Our approach consisted of four steps: (1) consulting stakeholders; (2) document search and screening; (3) reviewing documents to identify AI applications; and (4) extracting information on AI applications and evaluation studies.

We performed a scoping review of academic and grey literature to identify a comprehensive set of literature that would answer the four key questions listed above. According to published guidance, a scoping view approach is well suited to exploratory analysis of broad topics concerning the “extent, range, and nature of research activity” in a field [ 23 ]. We have followed the reporting guidelines contained in the Preferred Reporting Items for Systematic reviews and Meta-Analyses extension for Scoping Reviews (PRISMA-Scr) [ 24 ].

Results

Our searches of academic and gray literature databases yielded a total of 1,880 unique documents. After applying inclusion criteria at the level of the title and abstract, we screened 634 documents of potential interest to include in our review. The results of the document search and screening process are shown in Fig 1.

We identified 66 AI applications used in the COVID-19 response and grouped them into 6 functional categories. Information on individual applications is provided in the supporting information file S1 Table. A summary is provided in Table 1.

Data inputs, context of use, and proposed benefits by application category Applications within the same functional category tended to share similar data inputs, predicted variables, users, settings, and proposed benefits, as discussed below.

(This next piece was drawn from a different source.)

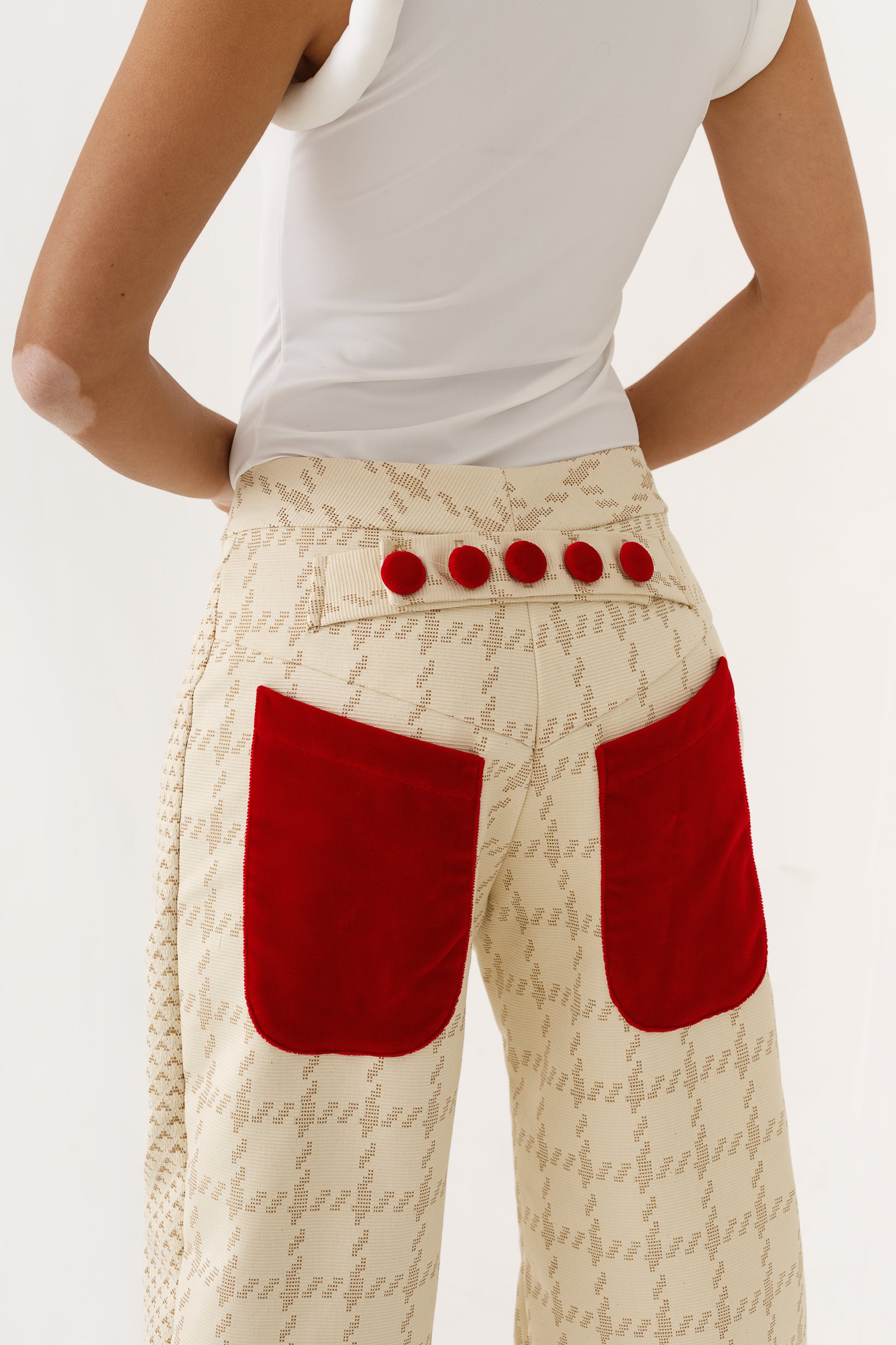 These sleek, straight-cut trousers feature a unique diagonal cut on the front leg, adding a bold, modern edge. Designed for both style and functionality, they include an adjustable strap at the back waist for a customizable fit and angled extra-long pockets for a striking yet practical detail. Finished with a front zipper closure, these trousers combine contemporary design with effortless wearability.
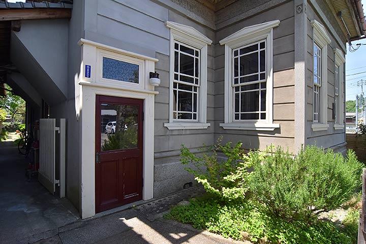 銀山街道の宿場として栄えた御調(みつぎ)の街道筋に残る洋館。医院は(西洋医学自体が舶来モノという意識からか)洋風デザインを採用することが多い。本作の場合、建築時期が古いためか、プリミティブな”洋館らしい”姿をしている。

Lung evaluation Lung evaluation applications assessed X-ray images (n = 7), CT images (n = 12), or both (n = 1) to evaluate the lungs of patients with suspected or confirmed COVID-19. These applications assessed one or more of the following: presence of pneumonia (n = 10), pneumothorax (n = 2), other lung abnormalities associated with COVID-19 (n = 12), or an overall COVID-19 risk score (n = 4). All lung evaluation applications were used by clinicians in hospitals (n = 20), with some x-ray applications also used in mobile screening vans (n = 2), quarantine centers (n = 2), or border facilities and prisons (n = 1). The proposed benefits of these applications included informing patient treatment (n = 18), informing diagnosis of COVID-19 (n = 16), speeding up patient evaluation (n = 14), assisting triage (n = 13), conserving staffing resources (n = 8), reducing disease transmission (n = 7), or replacing unavailable RT-PCR-based screening (n = 5).

Symptom checkers Symptom checkers analyzed patient-reported demographics, risk factors, and/or symptoms to provide a personalized COVID-19 risk assessment or care recommendations. Six symptom checkers interpreted user-entered free text inputs as part of this assessment. Symptom checkers were accessed via online website (n = 10), smartphone app (n = 4), mobile texting (n = 1), or voice assistant (n = 1). Most (n = 8) provided recommendations for when patients should seek further care, including 2 which offered to directly connect high-risk patients to a clinician for telehealth consultation. One symptom checker assessed the likelihood of post-acute sequelae of SARS-COV-2 infection (PASC), or “long COVID”, in addition to active COVID-19 infection.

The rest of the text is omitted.